# WHAT TO PRODUCE
Print the listing below only from the line that has "JACK & JONES" through the line that has "O iLoveIMG é", exactly, and drop any picture.

# INPUT DATA
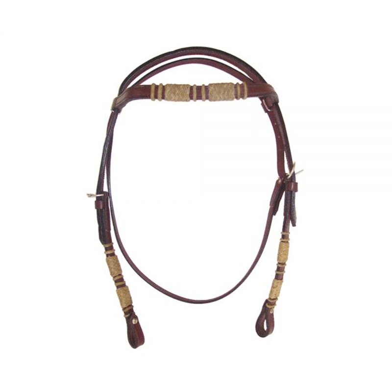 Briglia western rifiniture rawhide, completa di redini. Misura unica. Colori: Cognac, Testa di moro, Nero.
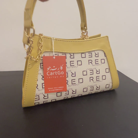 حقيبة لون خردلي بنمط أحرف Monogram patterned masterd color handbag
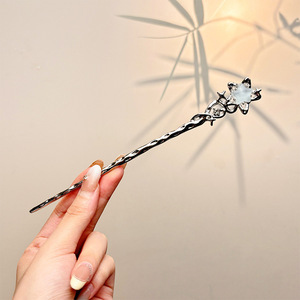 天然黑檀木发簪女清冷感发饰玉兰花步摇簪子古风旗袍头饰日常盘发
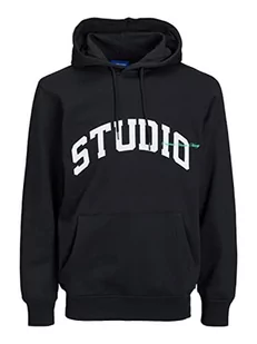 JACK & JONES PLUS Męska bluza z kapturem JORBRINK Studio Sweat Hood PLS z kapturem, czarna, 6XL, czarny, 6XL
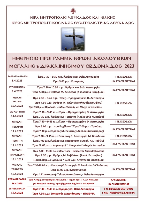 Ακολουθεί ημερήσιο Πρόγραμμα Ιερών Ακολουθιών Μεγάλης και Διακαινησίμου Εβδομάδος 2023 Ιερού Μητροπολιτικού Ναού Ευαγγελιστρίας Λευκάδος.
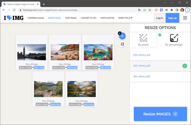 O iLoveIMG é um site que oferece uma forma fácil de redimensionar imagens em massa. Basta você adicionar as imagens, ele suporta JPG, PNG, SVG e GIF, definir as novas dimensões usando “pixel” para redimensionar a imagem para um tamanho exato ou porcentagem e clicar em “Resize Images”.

---

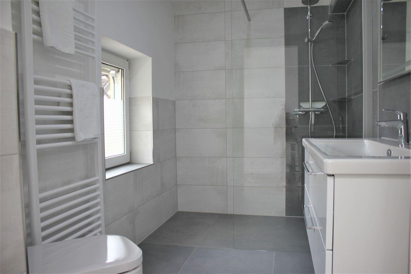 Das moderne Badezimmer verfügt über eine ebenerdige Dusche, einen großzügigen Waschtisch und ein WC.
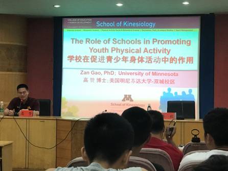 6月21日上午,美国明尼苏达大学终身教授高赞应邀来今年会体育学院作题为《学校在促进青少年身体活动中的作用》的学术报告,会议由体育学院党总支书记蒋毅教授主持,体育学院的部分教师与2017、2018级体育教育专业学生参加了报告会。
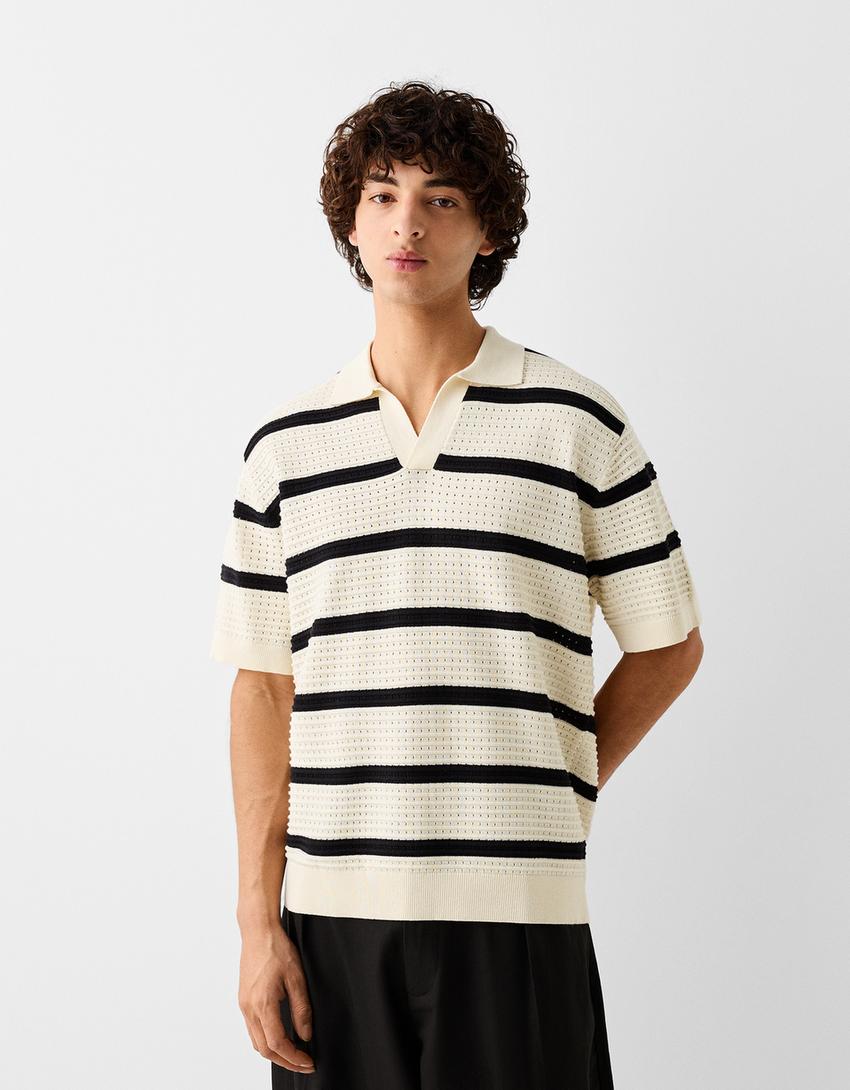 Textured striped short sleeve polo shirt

# SOLUTION BELOW
 JACK & JONES PLUS Męska bluza z kapturem JORBRINK Studio Sweat Hood PLS z kapturem, czarna, 6XL, czarny, 6XL
 Ακολουθεί ημερήσιο Πρόγραμμα Ιερών Ακολουθιών Μεγάλης και Διακαινησίμου Εβδομάδος 2023 Ιερού Μητροπολιτικού Ναού Ευαγγελιστρίας Λευκάδος.
 O iLoveIMG é um site que oferece uma forma fácil de redimensionar imagens em massa. Basta você adicionar as imagens, ele suporta JPG, PNG, SVG e GIF, definir as novas dimensões usando “pixel” para redimensionar a imagem para um tamanho exato ou porcentagem e clicar em “Resize Images”.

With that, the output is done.